Art. 115 - O imposto será lançado independentemente da 
regularidade jurídica dos títulos de propriedade, domínio útil ou posse do terreno ou 
da satisfação de quaisquer exigências administrativas para sua utilização para 
quaisquer finalidades. 
Art. 116 - O lançamento será anual e o recolhimento do imposto 
imobiliário far-se-á na época e pela forma estabelecida em Decreto do Executivo 
Municipal. 
Art. 117 - A municipalidade dará ampla publicidade do prazo de 
vencimento do imposto imobiliário. 
CAPÍTULO III 
DO LANÇAMENTO DO IMPOSTO SOBRE SERVIÇO 
Art. 118 - Os contribuintes do Imposto Sobre Serviço ficarão 
sujeitos ao regime de lançamento e auto-lançamento segundo a natureza dos serviços 
prestados. 
Art. 119 - Os contribuintes sujeitos ao regime de lançamento, 
terão seus impostos calculados pelo órgão competente da Prefeitura, que preencherá a 
guia de lançamento, na forma e prazos estabelecidos no regulamento deste Código. 

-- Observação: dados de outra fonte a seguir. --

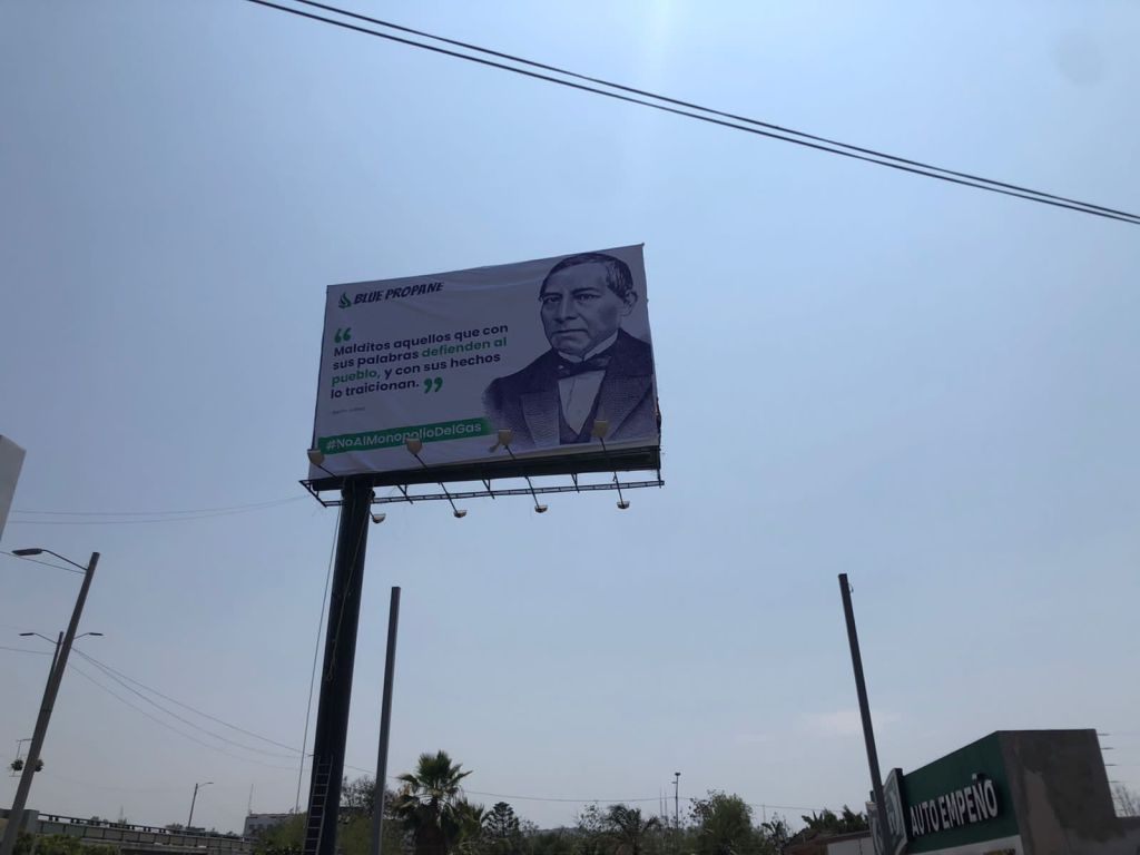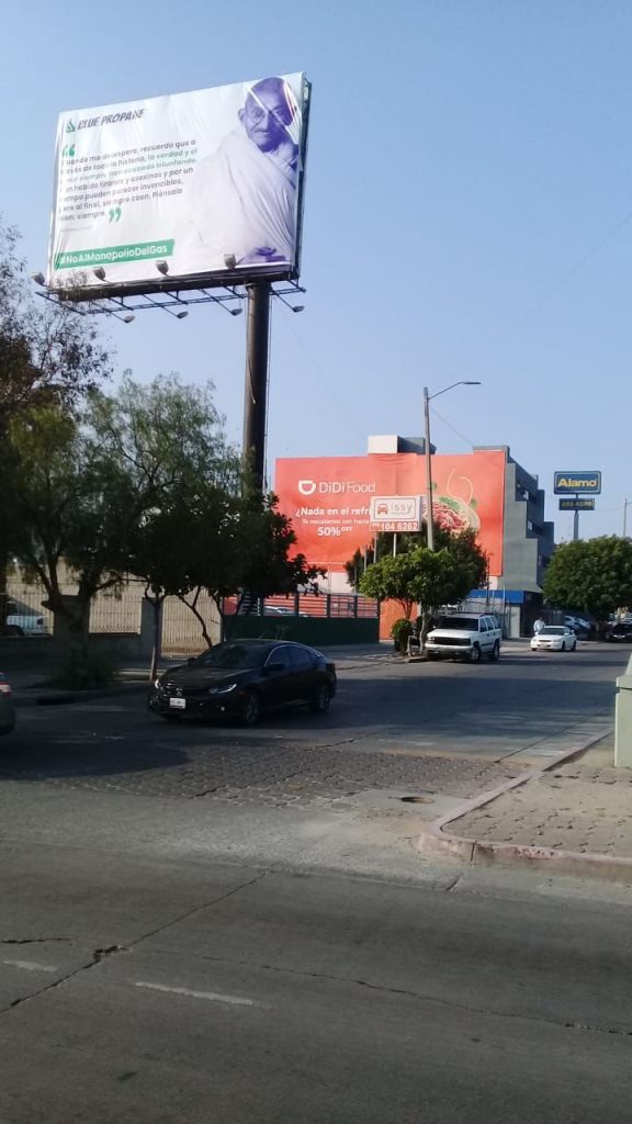 El martes contratamos un espectacular que estaba sobre puente del Blvd Bellas Artes a unos metros de la Garita de Otay. El mensaje contenía una frase de Benito Juárez y otra de Mahatma Gandhi, y el hashtag #NoAlMonopolioDelGas. La Dirección que decía: “Malditos aquellos que con sus palabras defienden al pueblo y con sus hechos lo traicionan”, y otra de Mahatma Gandhi “Cuando me desespero, recuerdo que a través de la historia, los caminos de la verdad y del amor siempre han triunfado. Ha habido tiranos, asesinos, y por un tiempo pueden parecer invencibles, pero al final, siempre caen. Siempre».

Parágrafo Único - A guia de lançamento de que trata este artigo, 
será entregue ao contribuinte no seu domicílio fiscal; ocorrendo o não recebimento 
pelo contribuinte da referida guia, este deverá diligenciar junto à repartição da 
Prefeitura, no sentido de obtê-la. 
Art. 120 - No caso dos contribuintes sujeitos ao regime de auto￾lançamento, o imposto será calculado pelo próprio contribuinte que preencherá a guia 
de lançamento, conforme modelo estabelecido pela Prefeitura, na forma, e, prazos 
previstos em regulamento. 
I - Lançamento aditivo - quando o lançamento original consignar 
diferenças a menor contra o fisco, em decorrência de erro de fato em qualquer das 
suas fases de execução. 
II - Lançamento substitutivo - quando em decorrência de erro de 
fato, houver necessidade de anulação do lançamento original, cujos defeitos o 
invalidam para todos os fins de direito. 

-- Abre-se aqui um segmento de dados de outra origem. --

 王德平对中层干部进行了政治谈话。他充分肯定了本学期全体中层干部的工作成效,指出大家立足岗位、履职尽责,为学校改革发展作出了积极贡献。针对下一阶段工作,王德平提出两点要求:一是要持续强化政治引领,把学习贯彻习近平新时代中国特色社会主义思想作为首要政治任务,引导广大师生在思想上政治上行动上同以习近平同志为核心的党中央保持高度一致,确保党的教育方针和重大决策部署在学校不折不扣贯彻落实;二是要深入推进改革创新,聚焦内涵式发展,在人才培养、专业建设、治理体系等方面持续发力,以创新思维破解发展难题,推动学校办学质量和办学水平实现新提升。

Parágrafo Único - Antes de proceder ao recolhimento do 
imposto, o contribuinte deverá levar a guia de lançamento à repartição competente da 
Prefeitura para ser procedida a sua conferência. 
TÍTULO IX 
DOS DEVERES ACESSÓRIOS 
CAPÍTULO ÚNICO 
DAS DISPOSIÇÕES GERAIS 
Art. 121 - Toda pessoa sujeita ao Poder Público Municipal deve 
colaborar com a Administração Tributária, prestando as informações, 
esclarecimentos, dados e notícias solicitadas, bem como exigindo papéis, livros e 
documentos. 
Art. 122 - Os contribuintes são obrigados especialmente a: 
I - inscrever-se nos cadastros; 
II - proceder a averbação do contrato de promessa de venda de 
terrenos, oriundos de loteamentos; as transferências ou cessões posteriores de um 
comprador a outro, e, se for o caso, a nova operação de venda a terceiros; 
III - prestar esclarecimentos e informações, quando solicitados; 
IV - cumprir as exigências contidas nas leis tributárias ou delas 
decorrentes. 
Art. 123 - Os contribuintes podem requerer, a qualquer tempo, as 
devidas retificações nos cadastros e outros documentos oficiais. 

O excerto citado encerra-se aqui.